The second series of experiments were designed to examine the protective effect and possible mechanism of AS-IV. Cells were divided into five groups at a density of 2×105 cells/ml: i) The control group, where cells were cultured with 5.55 mM glucose and treated with 30 mM mannitol to balance the osmotic pressure in culture medium for 48 h; ii) model group, where cell damage was induced by incubation with 33.3 mM glucose for 48 h; iii) the SP600125 inhibitor group, where cells were cultured with 33.3 mM glucose for 48 h prior to the addition of 20 µM SP600125 (JNK inhibitor); iv) AS-IV group, where cells were cultured in 33.3 mM glucose for 48 h prior to the addition of 50 µM AS-IV; and v) the AS-IV+SP600125 group, where cells were cultured in 33.3 mM glucose for 48 h prior to the addition of 50 µM AS-IV and 20 µM SP600125. SP600125 was dissolved in DMSO (the final concentration did not exceed 0.5%).

Cell viability assay

HUVECs in the logarithmic growth phase were seeded in 96-well culture plates at 2×105 cells/well. Following respective group treatments, 20 µl MTT (5 mg/ml) was added to 100 µl of culture medium in each well. A total of 4 h following this, the medium was removed and 150 µl DMSO was added into each well. The absorbance was measured at 490 nm using an automated microplate reader (BioTek Instruments, Inc., Winooski, VT, USA). A total of five independent experiments were repeated in each group.
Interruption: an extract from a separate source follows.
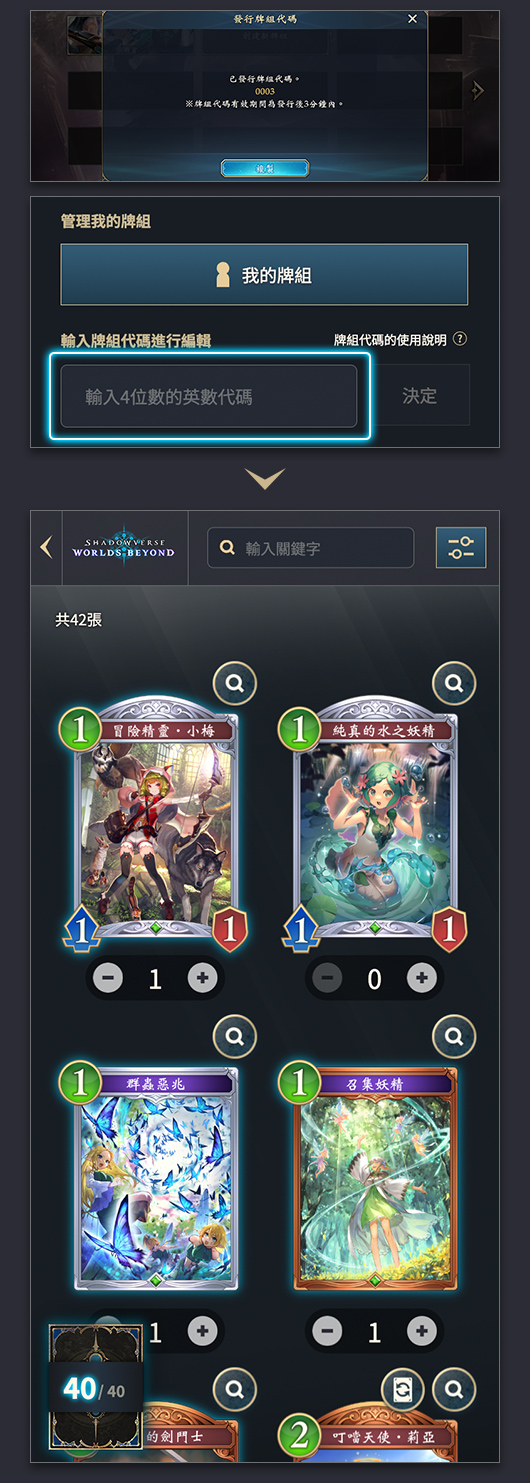 按下「發行牌組代碼」或「QR碼」按鈕,即可發行對應的代碼。

Cell viability was calculated according to the following formula: Cell viability (%)=average absorbance of the treated group/average absorbance of the control group ×100%.

Cell apoptosis assay

Apoptosis was assessed with the Hoechst 33258 staining method, followed by photofluorography. Following the respective group treatments, the nutrient solution was removed and cells were washed twice with PBS. Subsequently, the cells were fixed with 40 g/l paraformaldehyde fluid at 4°C for 10 min. Slides were then washed twice with PBS. Once PBS was removed, the nuclear DNA was stained with 5 mg/ml Hoechst 33258 at room temperature for 10 min and then visualized under a fluorescence microscope (BX50-FLA; Olympus Corporation, Tokyo, Japan). The viable HUVECs exhibited a uniform blue fluorescence throughout the nucleus, whereas the apoptotic cells had fragmented and condensed nuclei. The experiment was carried out three times.
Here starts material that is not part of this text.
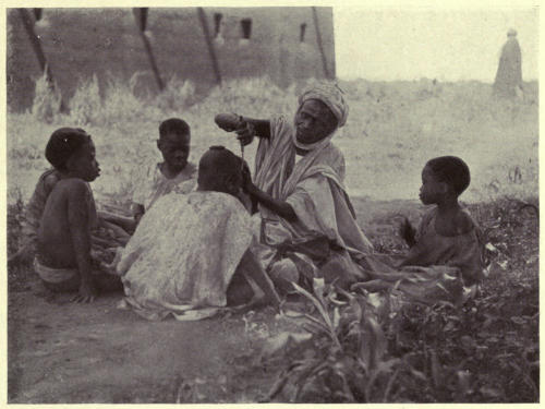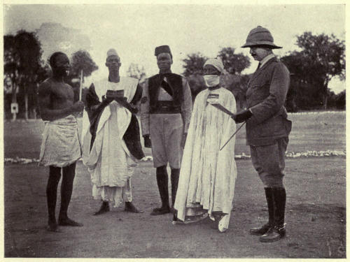 He has completely rearranged the market on the plan of Sir Hesketh Bell’s model town-planning. The streets are in straight lines and run sideways and at right-angles to one another. To an eminence high enough to be approached by a zigzag path he has removed the Court house of the Alkali, in order that cases may be heard clear of the turmoil of the market-place. Cheaply-made bridges he has placed across dykes, and so given a short and direct cut[326] between parts of the native quarter formerly connected only by a long detour. Another phase of his daily life is holding his Court for the trial of offences which do not go on the “list” of the Alkali.

Apoptosis rate was analyzed by labeling cells with Annexin V-FITC apoptosis assay kit (cat.no. abs50001; Absin Bioscience, Inc., Shanghai, China; www.absin.cn/). Following the treatment, cells were collected using EDTA-free trypsin to digest the cells, followed by centrifugation at 211 × g for 10 min at 4°C to collect the cells. Cells were suspended with 500 µl binding buffer at a concentration of 1×106 cells/ml and subsequently stained with 5 µl annexin V-FITC at 4°C in the dark for 15 min followed by 10 µl PI at 4°C in the dark for 5 min. Following this, cells were immediately examined using a flow cytometer (Beckman Coulter, Inc., Brea, CA, USA) with FlowJo software (version 7.6.1; Tree Star, Inc., Ashland, OR, USA).

ELISA analysis

The levels of IL-1β and TNF-α in culture supernatant were determined using commercial ELISA kits according to the manufacturers' protocols and determined using a microplate reader at 450-nm wavelength (Multiskan FC; Thermo Fisher Scientific, Inc., Waltham, MA, USA).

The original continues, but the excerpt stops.